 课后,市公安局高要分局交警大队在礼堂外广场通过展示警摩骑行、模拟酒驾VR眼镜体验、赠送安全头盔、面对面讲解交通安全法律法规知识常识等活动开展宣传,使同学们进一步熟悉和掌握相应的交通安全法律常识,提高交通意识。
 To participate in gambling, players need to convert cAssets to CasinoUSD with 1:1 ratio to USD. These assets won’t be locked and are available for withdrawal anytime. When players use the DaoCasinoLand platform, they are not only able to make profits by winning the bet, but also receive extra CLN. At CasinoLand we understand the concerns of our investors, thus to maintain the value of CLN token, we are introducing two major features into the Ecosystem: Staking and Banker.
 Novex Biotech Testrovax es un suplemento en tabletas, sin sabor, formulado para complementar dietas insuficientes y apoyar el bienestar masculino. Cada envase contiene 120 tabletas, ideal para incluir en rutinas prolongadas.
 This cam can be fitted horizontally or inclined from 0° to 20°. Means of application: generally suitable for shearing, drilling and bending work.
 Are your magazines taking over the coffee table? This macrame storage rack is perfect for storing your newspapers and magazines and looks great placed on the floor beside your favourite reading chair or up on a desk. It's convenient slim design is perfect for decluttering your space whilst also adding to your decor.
---
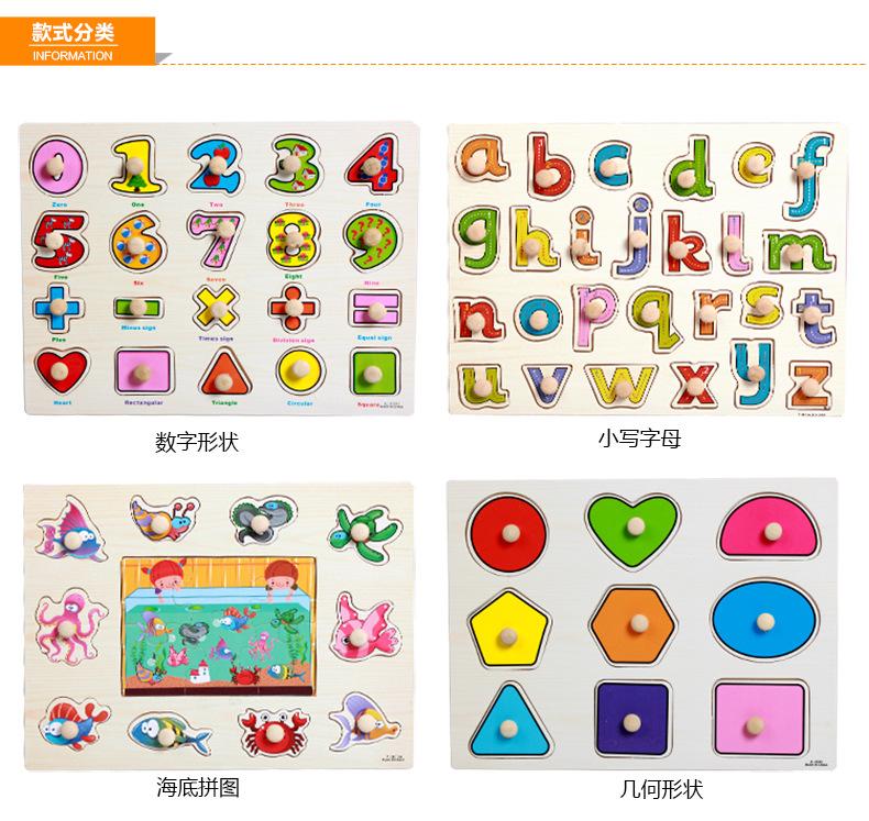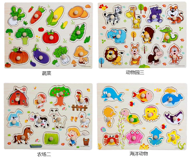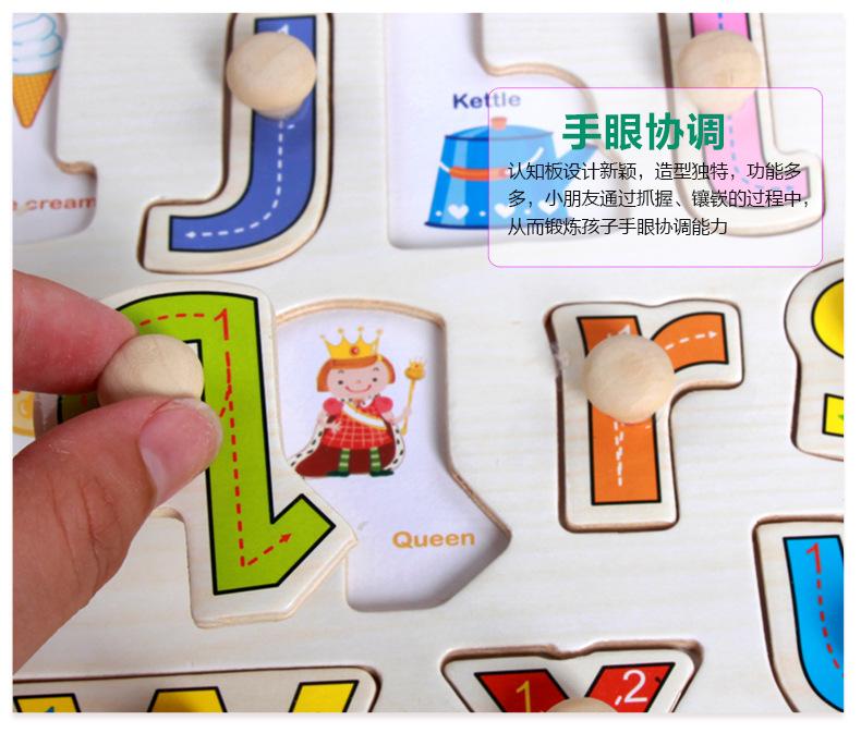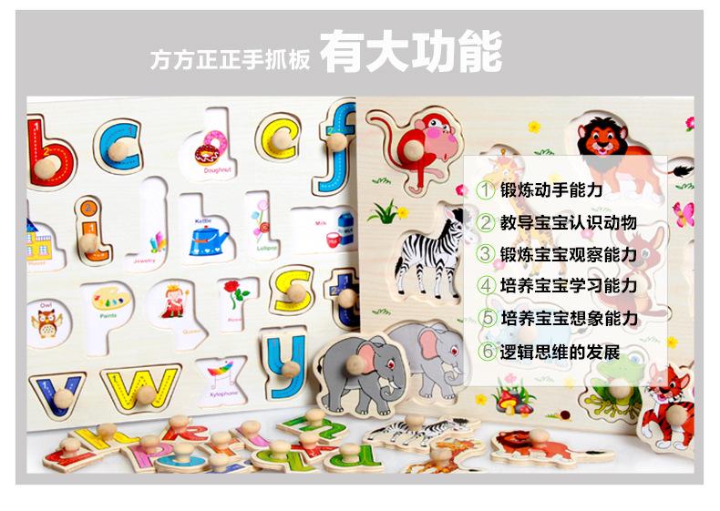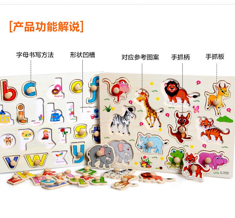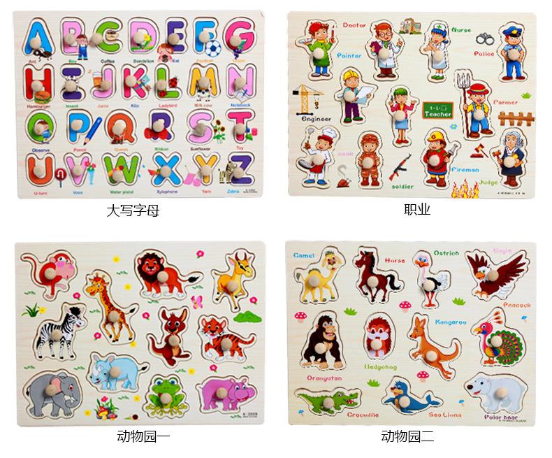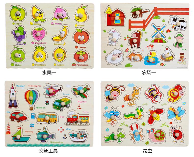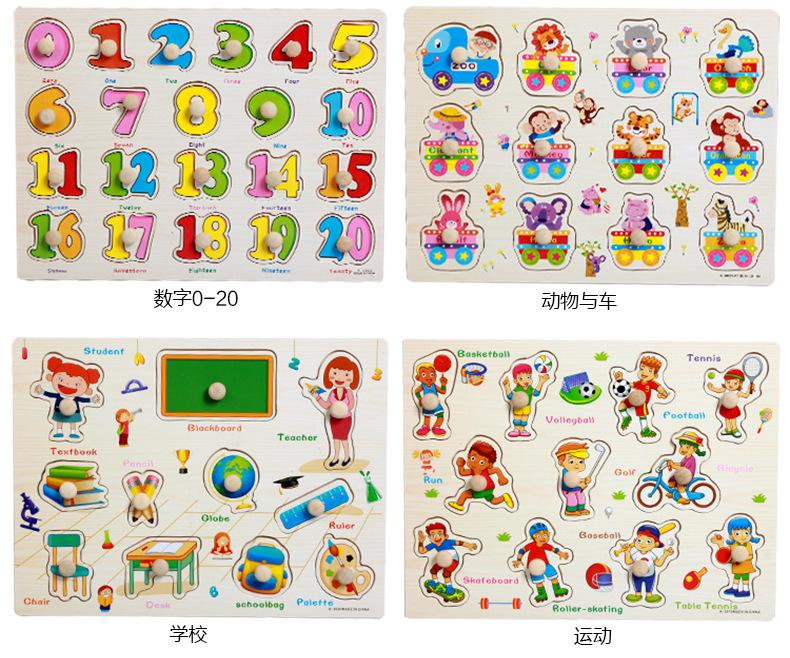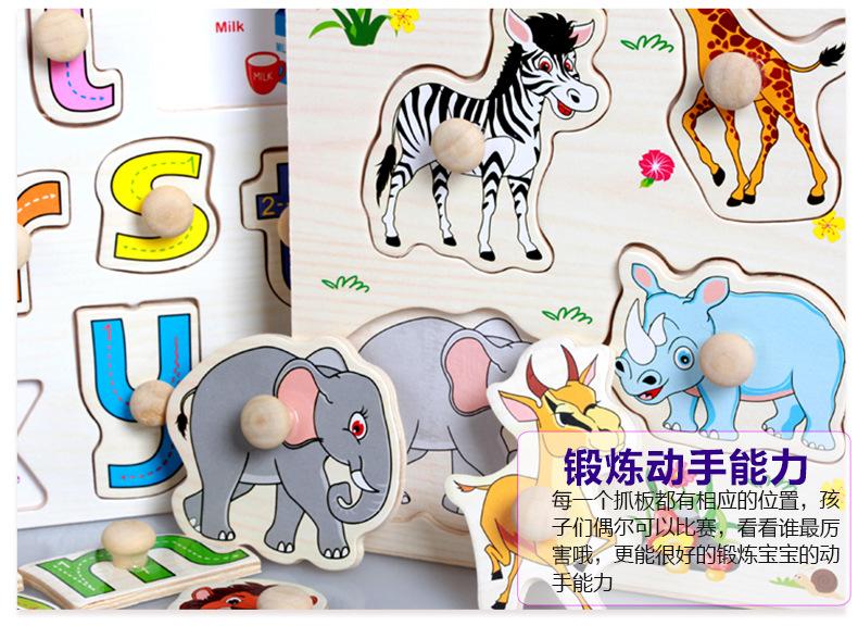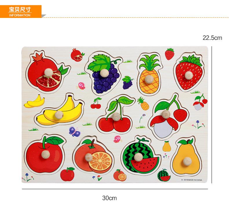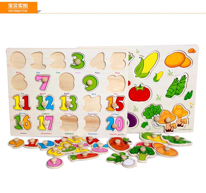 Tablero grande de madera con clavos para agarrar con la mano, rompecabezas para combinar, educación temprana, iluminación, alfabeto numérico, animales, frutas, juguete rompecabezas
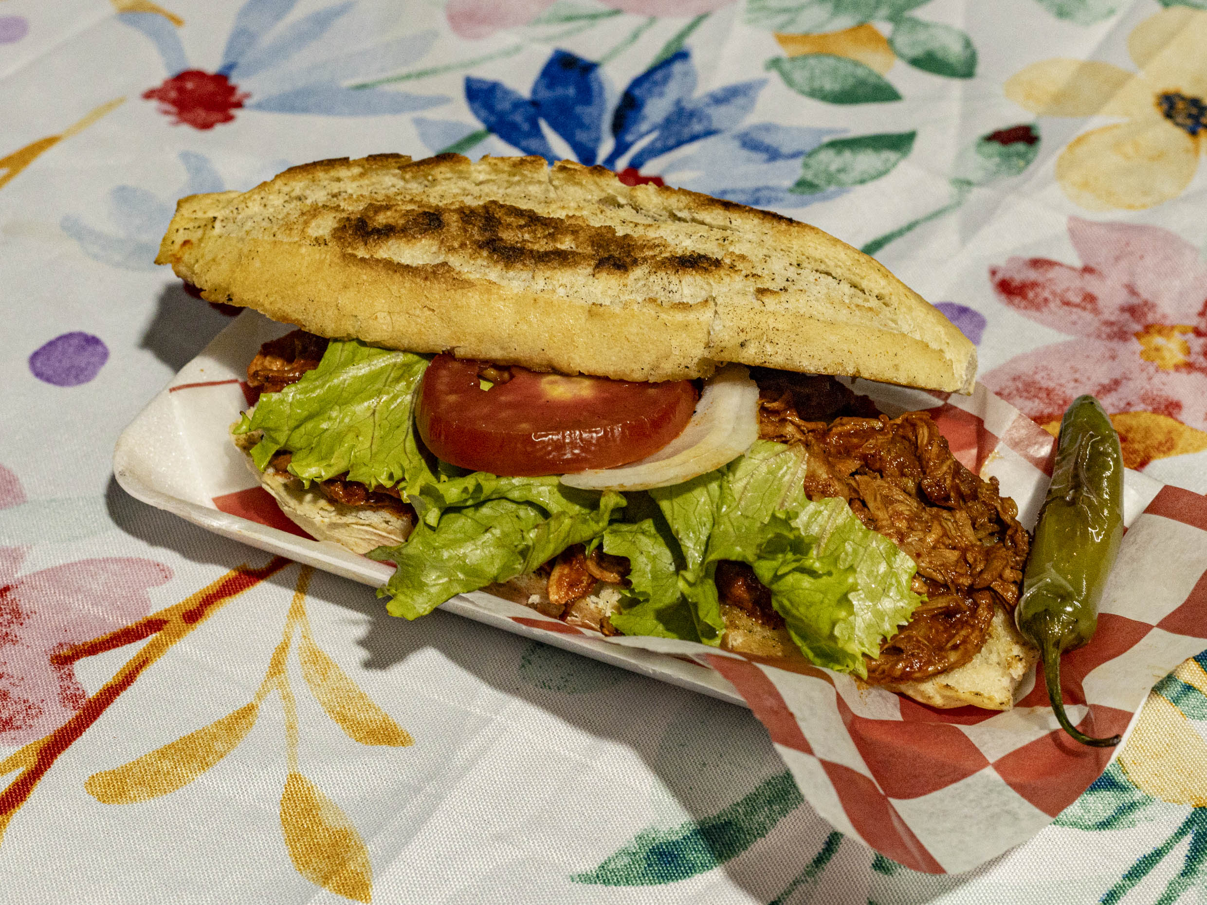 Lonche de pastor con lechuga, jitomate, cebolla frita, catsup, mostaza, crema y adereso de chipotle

EXERCISE: Write out word for word the lines of the listing above from the line with "Tablero grande de" to the line with "Lonche de pastor", taking in both of those lines but no pictures.

REPLY:
 Tablero grande de madera con clavos para agarrar con la mano, rompecabezas para combinar, educación temprana, iluminación, alfabeto numérico, animales, frutas, juguete rompecabezas
 Lonche de pastor con lechuga, jitomate, cebolla frita, catsup, mostaza, crema y adereso de chipotle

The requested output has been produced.